» WHAT NEEDS TO BE DONE
The records below are to be set down again exactly, with the pictures left out.

» MATERIAL SHOWN
===============

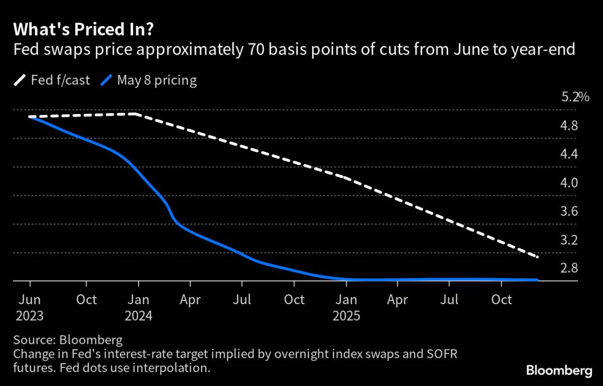 (白線:聯準會點陣圖利率/藍線:市場於五月初預估值)
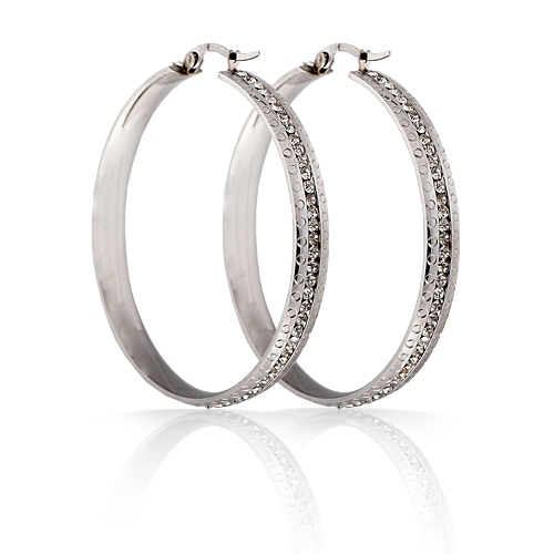 Preciosas arracadas en baño de oro blanco de 18 quilates, elegante diseño, con detalles en relieve e incrustaciones de cristales en color blanco.
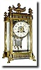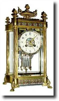 with convex sides, twisty columns at each corner, paw feet and floral finials. This is an exceptional brass and glass clock, with enamel work (dark red, blue, aqua and white) on the dial center, bezel, pendulum, top and bottom bands, as well as the fancy urn on top. The well made round movement is signed simply "Made in France" and with number 1391. Striking the hours on a coiled flat wire gong. This clock is from a home outside Philadelphia and has been in regular use. Height 15" $1750-2250
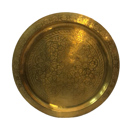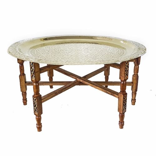 Table basse marocaine, piètement bois, plateau doré D 80cm د.م.100.00
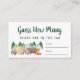 Tarjeta de juego para tu ducha de bebé con "Adivinen cuántos osos hay en el jabón" escrito en tipografía rústica y un guión verde del bosque y un ilustracion acuarela de animales de bosque con su tienda acampando en las montañas y el bosque bajo un cielo de estrellas doradas. Coloca un frasco o una botella llena de osos gomis sobre una mesa y pide a tus invitados que adivinen cuántos hay en el frasco. El ganador será el invitado que se acerque más sin acercarse. En nuestra colección de Baby Shower Adventure Awaits Woodland Animals encontrará una señal de pantalla coincidente.

===============

» WRITTEN REPLY
 (白線:聯準會點陣圖利率/藍線:市場於五月初預估值)
 Preciosas arracadas en baño de oro blanco de 18 quilates, elegante diseño, con detalles en relieve e incrustaciones de cristales en color blanco.
 with convex sides, twisty columns at each corner, paw feet and floral finials. This is an exceptional brass and glass clock, with enamel work (dark red, blue, aqua and white) on the dial center, bezel, pendulum, top and bottom bands, as well as the fancy urn on top. The well made round movement is signed simply "Made in France" and with number 1391. Striking the hours on a coiled flat wire gong. This clock is from a home outside Philadelphia and has been in regular use. Height 15" $1750-2250
 Table basse marocaine, piètement bois, plateau doré D 80cm د.م.100.00
 Tarjeta de juego para tu ducha de bebé con "Adivinen cuántos osos hay en el jabón" escrito en tipografía rústica y un guión verde del bosque y un ilustracion acuarela de animales de bosque con su tienda acampando en las montañas y el bosque bajo un cielo de estrellas doradas. Coloca un frasco o una botella llena de osos gomis sobre una mesa y pide a tus invitados que adivinen cuántos hay en el frasco. El ganador será el invitado que se acerque más sin acercarse. En nuestra colección de Baby Shower Adventure Awaits Woodland Animals encontrará una señal de pantalla coincidente.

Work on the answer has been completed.